PROBLEM TO WORK ON: When you copy the entries, keep every word exactly as it is and drop the images.

————————

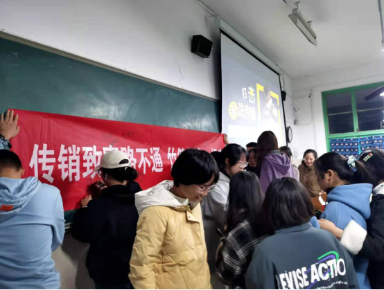 电影放映结束后,何鹏飞组织开展了有奖问答活动,以作答的方式加强了同学们对销的认识。举手的同学多达二十多位,其中李晶晶同学多次举手回答问题,现场气氛十分活跃。活动的最后,何鹏飞带领全体同学进行了反传销共同签名活动,这次主题班会也在同学们的掌声中圆满结束。
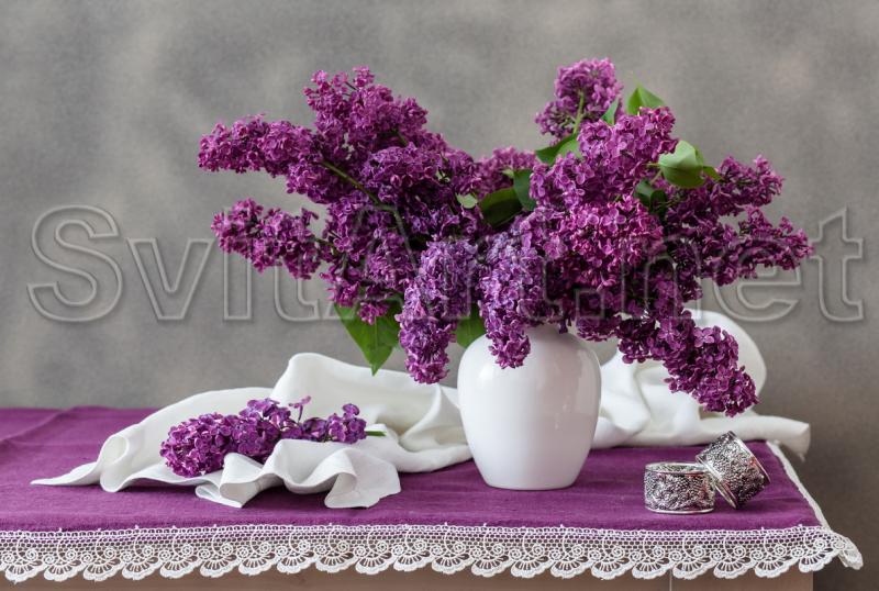Canvas frameless "White vase with lilac". Branches of lilac flowers in a vase on a table with a lilac-colored tablecloth.
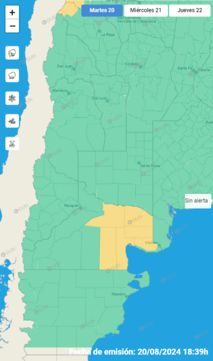 Según informó el SMN, para el centro-este de la provincia se esperan lluvias persistentes con intensidad variada y con valores de precipitación acumulada entre 10 y 20 mm. Rige para esta noche y la madrugada del miércoles.
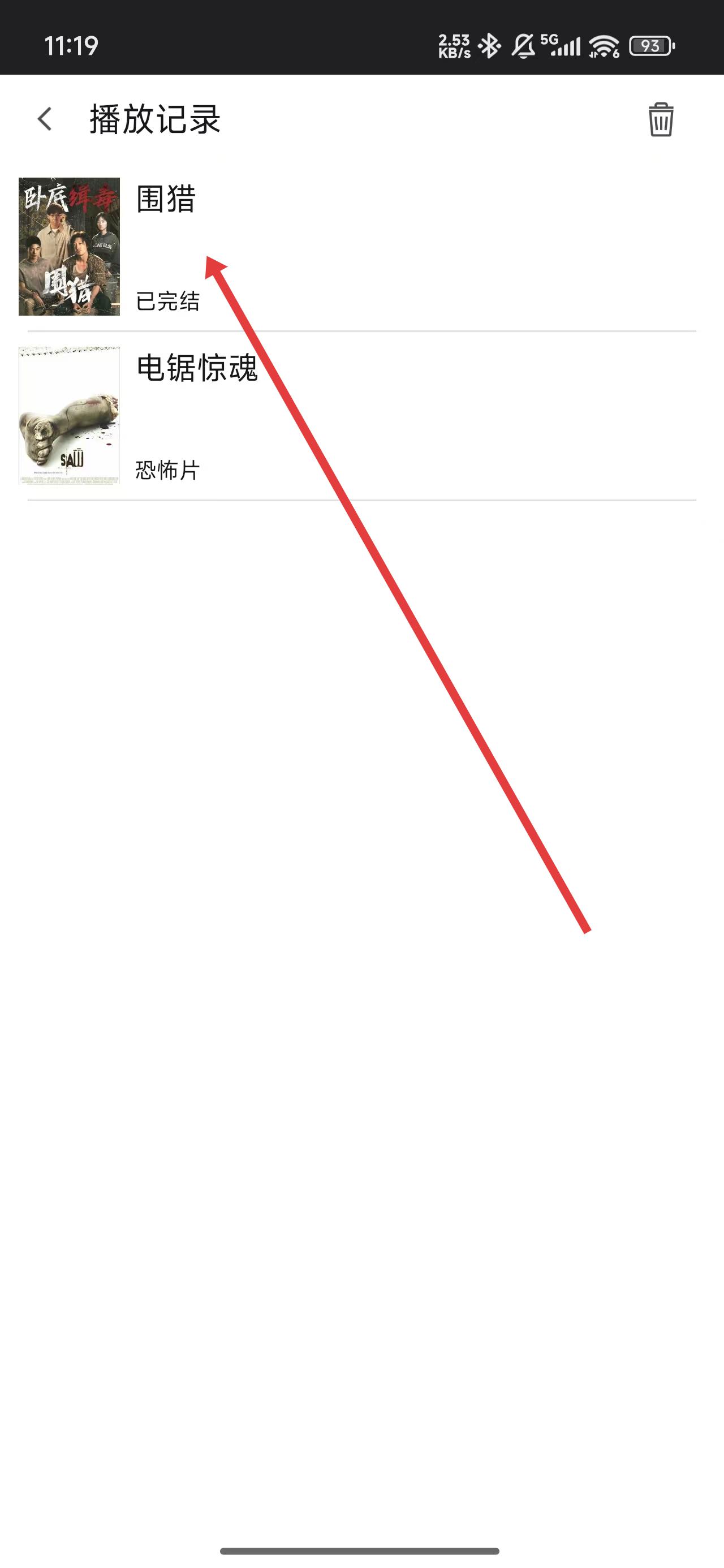 3、在进入到播放记录页面中,可以点击选择围猎进入观看。
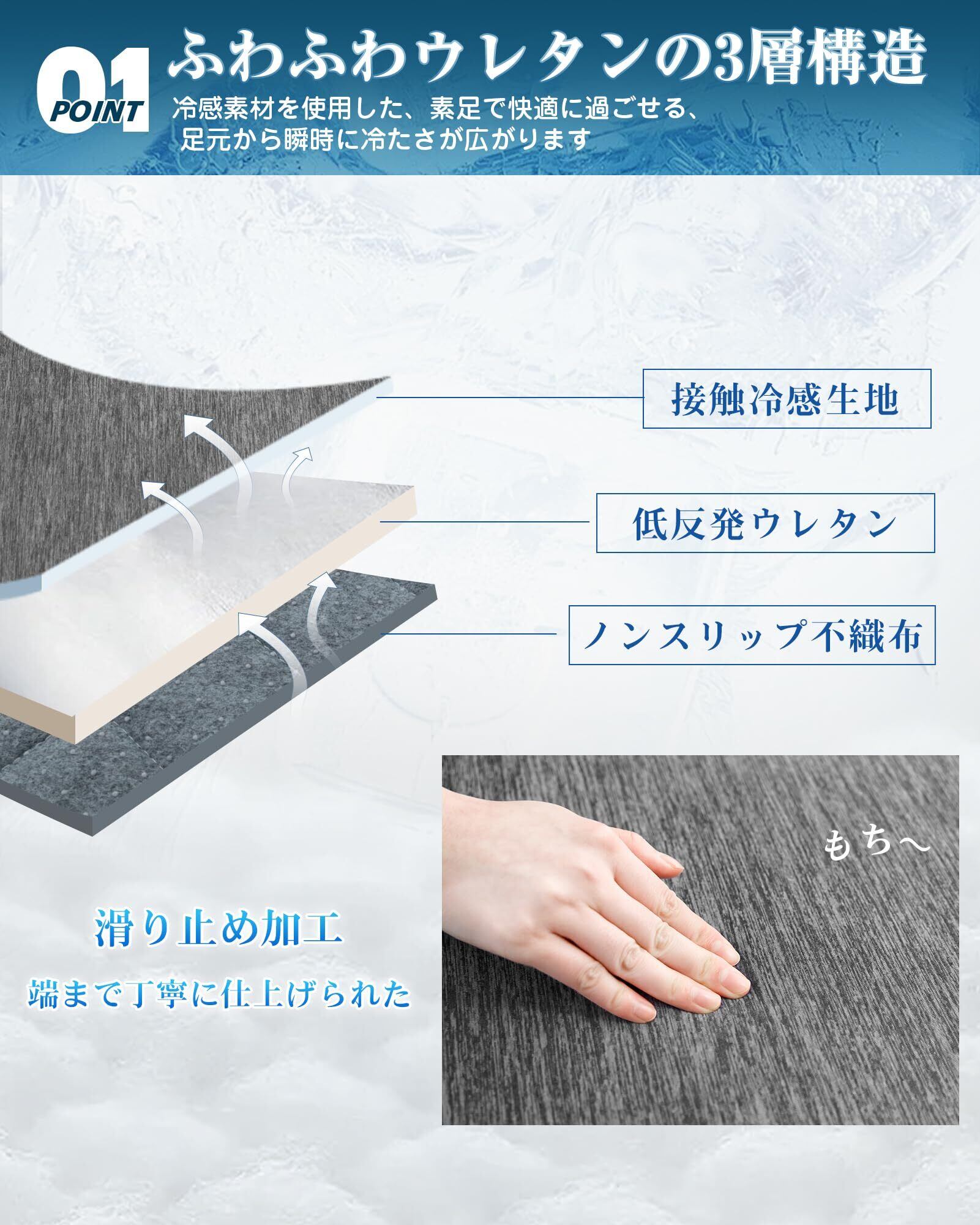 【接触冷感】冷感素材を使った、触れるたびひんやり体感、思わず寝転がってくつろぎたくなります。足元から瞬時に冷たさが広がります。霜降りデザインで、見た目も涼しいです。
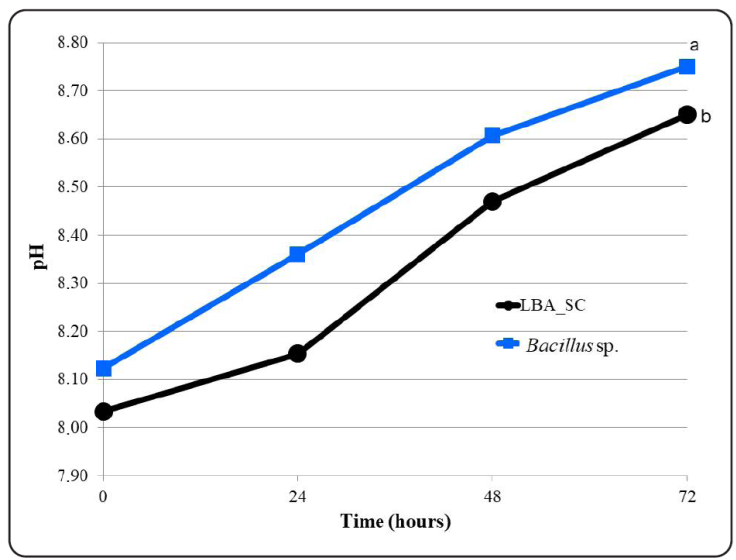 In the treatments studied, the pH increased reaching values of 8.65 for the mixture of isolate q11 and SC (MM1) and of 8.75 for MM2 (p < 0.05) at 72 hours, which, according to Chae-Woo, Yun-Seok & Kye-Heon (2009) and Nemutanzhela, Roets, Gardiner & Lallo (2014) can be attributed to the generation of bacteriocins, which release ammonium ions increasing the pH.
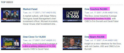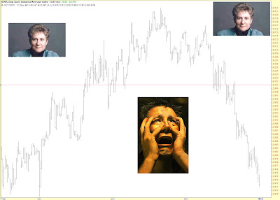 But a glance at the Dow graph below shows that the price is currently about in the middle of a very sweeping range. And now we're in no man's land. Do we bounce off the horizontal line and fly well above 14,000? Do we push our way through the muck beneath that line and start and honest-to-goodness bear market? Or do we continue to fart around ad nauseum. I dunno. And you don't either.
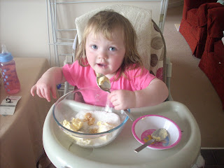 DD loved helping with all the stirring and mashing up the bananas. Not sure there is as much banana as there should be in the final cakes, some of it mysteriously disappeared during baking.I have a suspect but I can't prove it as she is getting more and more sneaky every day lol.
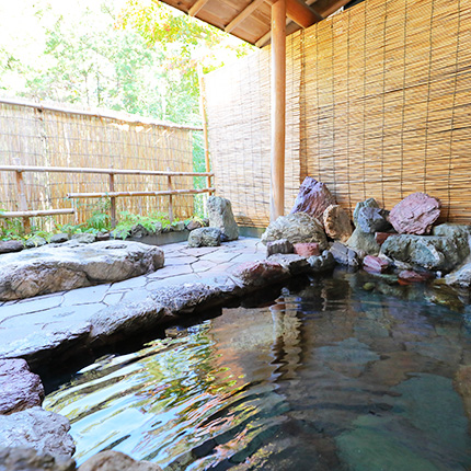 「御宿 竹取物語」のお風呂は、小鹿野温泉大竜寺源泉の貸切が3種類あります。日常を忘れる自然に没入し、優雅なリフレッシュタイムを過ごします。
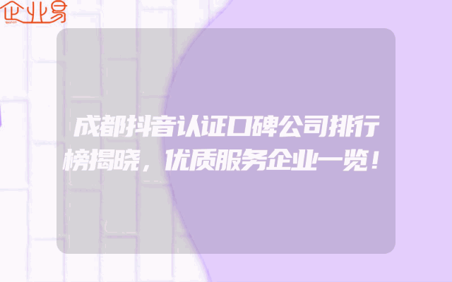 - 成都抖音认证口碑公司排行榜揭晓,优质服务企业一览!
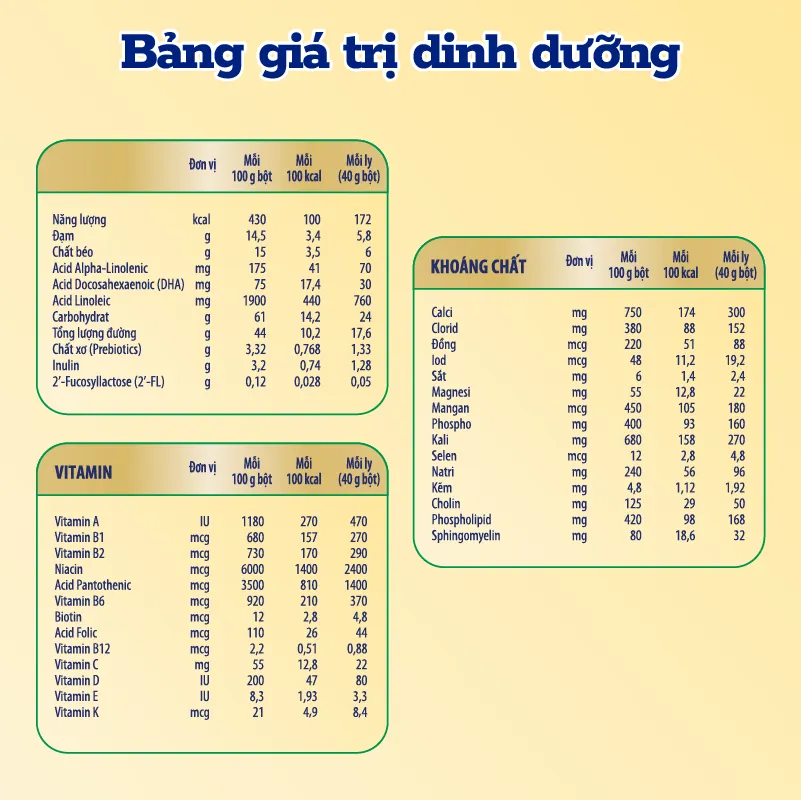 Bột bơ sữa (nguồn của MFGM; 35,4%), lactose, dầu thực vật, maltodextrin, đạm whey tinh chất, sữa bột tách béo, inulin, các khoáng chất (calci carbonat, calci phosphat dibasic, magnesi phosphat, tricalci phosphat, natri citrat, kali bicarbonat, kali citrat, calci clorid, magnesi clorid, calci hydroxyd, sắt sulphat, kali clorid, kẽm sulphat, kali hydroxyd, mangan sulphat, đồng sulphat, kali iodid, natri selenit và natri iodid), dầu cá là nguồn của acid Docosahexaenoic (DHA), hương liệu tổng hợp (hương vani), các vitamin (cholin bitartrat, natri ascorbat, cholin clorid, alpha-tocopheryl acetat, niacinamid, retinyl palmitat, calci pantothenat, acid ascorbic, cholecalciferol, phytonadion, cyanocobalamin, thiamin hydroclorid, pyridoxin hydroclorid, riboflavin, acid folic và biotin), chất nhũ hóa (lecithin đậu nành), 2’-fucosyllactose, sirô mật bắp và chất chống oxy hóa (ascorbyl palmitat).

————————

ANSWER SECTION:
 电影放映结束后,何鹏飞组织开展了有奖问答活动,以作答的方式加强了同学们对销的认识。举手的同学多达二十多位,其中李晶晶同学多次举手回答问题,现场气氛十分活跃。活动的最后,何鹏飞带领全体同学进行了反传销共同签名活动,这次主题班会也在同学们的掌声中圆满结束。
Canvas frameless "White vase with lilac". Branches of lilac flowers in a vase on a table with a lilac-colored tablecloth.
 Según informó el SMN, para el centro-este de la provincia se esperan lluvias persistentes con intensidad variada y con valores de precipitación acumulada entre 10 y 20 mm. Rige para esta noche y la madrugada del miércoles.
 3、在进入到播放记录页面中,可以点击选择围猎进入观看。
 【接触冷感】冷感素材を使った、触れるたびひんやり体感、思わず寝転がってくつろぎたくなります。足元から瞬時に冷たさが広がります。霜降りデザインで、見た目も涼しいです。
 In the treatments studied, the pH increased reaching values of 8.65 for the mixture of isolate q11 and SC (MM1) and of 8.75 for MM2 (p < 0.05) at 72 hours, which, according to Chae-Woo, Yun-Seok & Kye-Heon (2009) and Nemutanzhela, Roets, Gardiner & Lallo (2014) can be attributed to the generation of bacteriocins, which release ammonium ions increasing the pH.
 But a glance at the Dow graph below shows that the price is currently about in the middle of a very sweeping range. And now we're in no man's land. Do we bounce off the horizontal line and fly well above 14,000? Do we push our way through the muck beneath that line and start and honest-to-goodness bear market? Or do we continue to fart around ad nauseum. I dunno. And you don't either.
 DD loved helping with all the stirring and mashing up the bananas. Not sure there is as much banana as there should be in the final cakes, some of it mysteriously disappeared during baking.I have a suspect but I can't prove it as she is getting more and more sneaky every day lol.
 「御宿 竹取物語」のお風呂は、小鹿野温泉大竜寺源泉の貸切が3種類あります。日常を忘れる自然に没入し、優雅なリフレッシュタイムを過ごします。
 - 成都抖音认证口碑公司排行榜揭晓,优质服务企业一览!
 Bột bơ sữa (nguồn của MFGM; 35,4%), lactose, dầu thực vật, maltodextrin, đạm whey tinh chất, sữa bột tách béo, inulin, các khoáng chất (calci carbonat, calci phosphat dibasic, magnesi phosphat, tricalci phosphat, natri citrat, kali bicarbonat, kali citrat, calci clorid, magnesi clorid, calci hydroxyd, sắt sulphat, kali clorid, kẽm sulphat, kali hydroxyd, mangan sulphat, đồng sulphat, kali iodid, natri selenit và natri iodid), dầu cá là nguồn của acid Docosahexaenoic (DHA), hương liệu tổng hợp (hương vani), các vitamin (cholin bitartrat, natri ascorbat, cholin clorid, alpha-tocopheryl acetat, niacinamid, retinyl palmitat, calci pantothenat, acid ascorbic, cholecalciferol, phytonadion, cyanocobalamin, thiamin hydroclorid, pyridoxin hydroclorid, riboflavin, acid folic và biotin), chất nhũ hóa (lecithin đậu nành), 2’-fucosyllactose, sirô mật bắp và chất chống oxy hóa (ascorbyl palmitat).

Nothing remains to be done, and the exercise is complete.